### [EXERCISE]
What you return should be only the lines in the entries below between the one holding "จป หัวหน้างาน นั้นจะต้องผ่านการ" and the one holding "Rundt og rundt", ends included, with every picture left out.

### [EXTRACTED DATA]
Segment Open

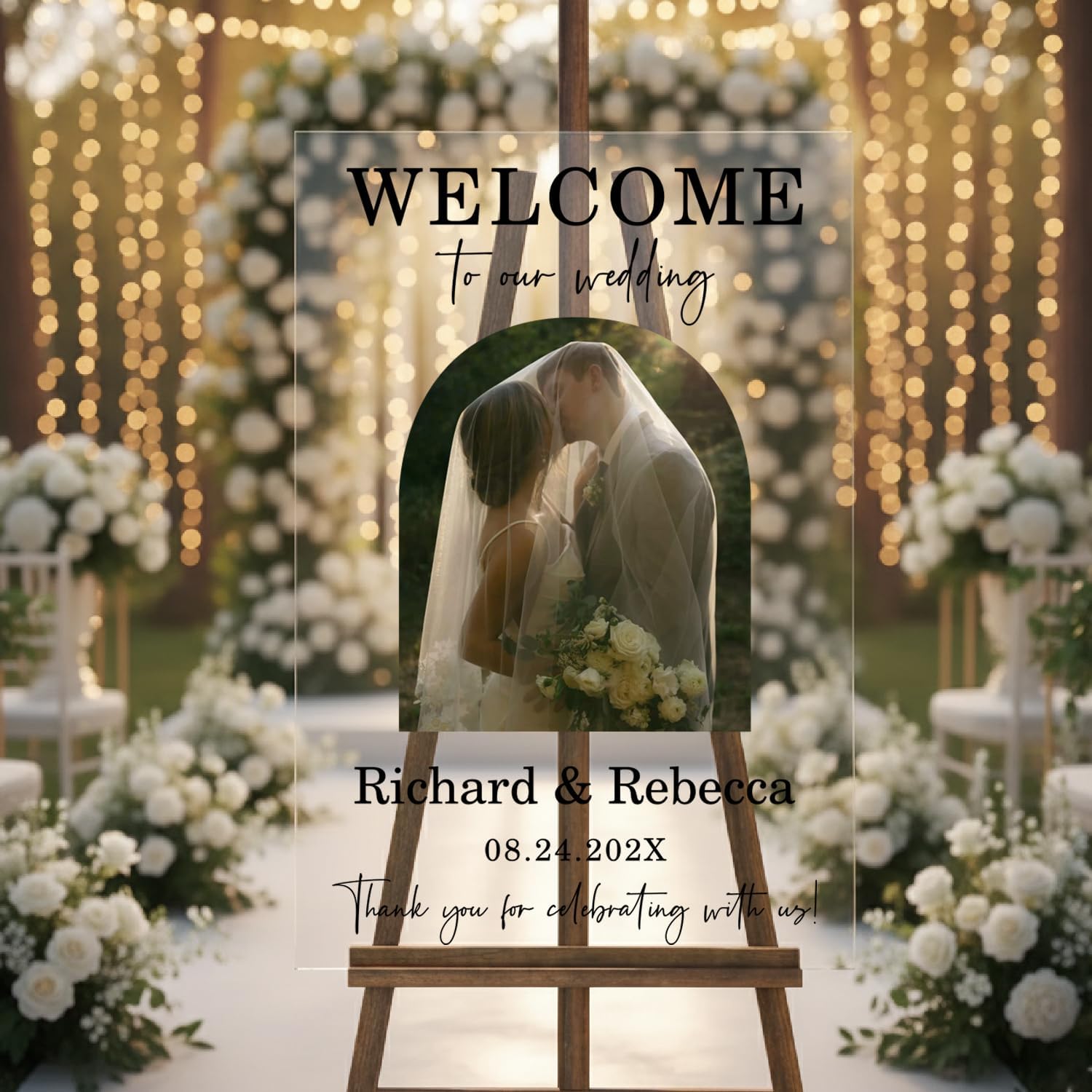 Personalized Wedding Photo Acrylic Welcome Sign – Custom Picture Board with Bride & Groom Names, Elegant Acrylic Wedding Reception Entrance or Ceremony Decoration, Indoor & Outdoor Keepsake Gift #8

Segment Closed
Segment Open

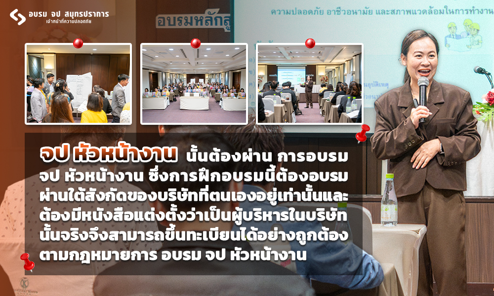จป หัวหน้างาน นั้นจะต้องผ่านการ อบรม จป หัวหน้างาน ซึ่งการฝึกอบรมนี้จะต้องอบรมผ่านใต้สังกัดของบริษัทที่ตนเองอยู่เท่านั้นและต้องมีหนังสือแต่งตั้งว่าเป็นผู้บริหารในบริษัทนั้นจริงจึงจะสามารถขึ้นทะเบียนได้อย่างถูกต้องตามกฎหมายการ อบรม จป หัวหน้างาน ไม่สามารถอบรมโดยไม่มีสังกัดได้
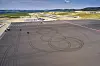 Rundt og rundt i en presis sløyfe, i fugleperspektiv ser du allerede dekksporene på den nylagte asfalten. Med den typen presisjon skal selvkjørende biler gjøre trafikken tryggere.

Segment Closed

### [RESULT OF THIS TASK]
จป หัวหน้างาน นั้นจะต้องผ่านการ อบรม จป หัวหน้างาน ซึ่งการฝึกอบรมนี้จะต้องอบรมผ่านใต้สังกัดของบริษัทที่ตนเองอยู่เท่านั้นและต้องมีหนังสือแต่งตั้งว่าเป็นผู้บริหารในบริษัทนั้นจริงจึงจะสามารถขึ้นทะเบียนได้อย่างถูกต้องตามกฎหมายการ อบรม จป หัวหน้างาน ไม่สามารถอบรมโดยไม่มีสังกัดได้
 Rundt og rundt i en presis sløyfe, i fugleperspektiv ser du allerede dekksporene på den nylagte asfalten. Med den typen presisjon skal selvkjørende biler gjøre trafikken tryggere.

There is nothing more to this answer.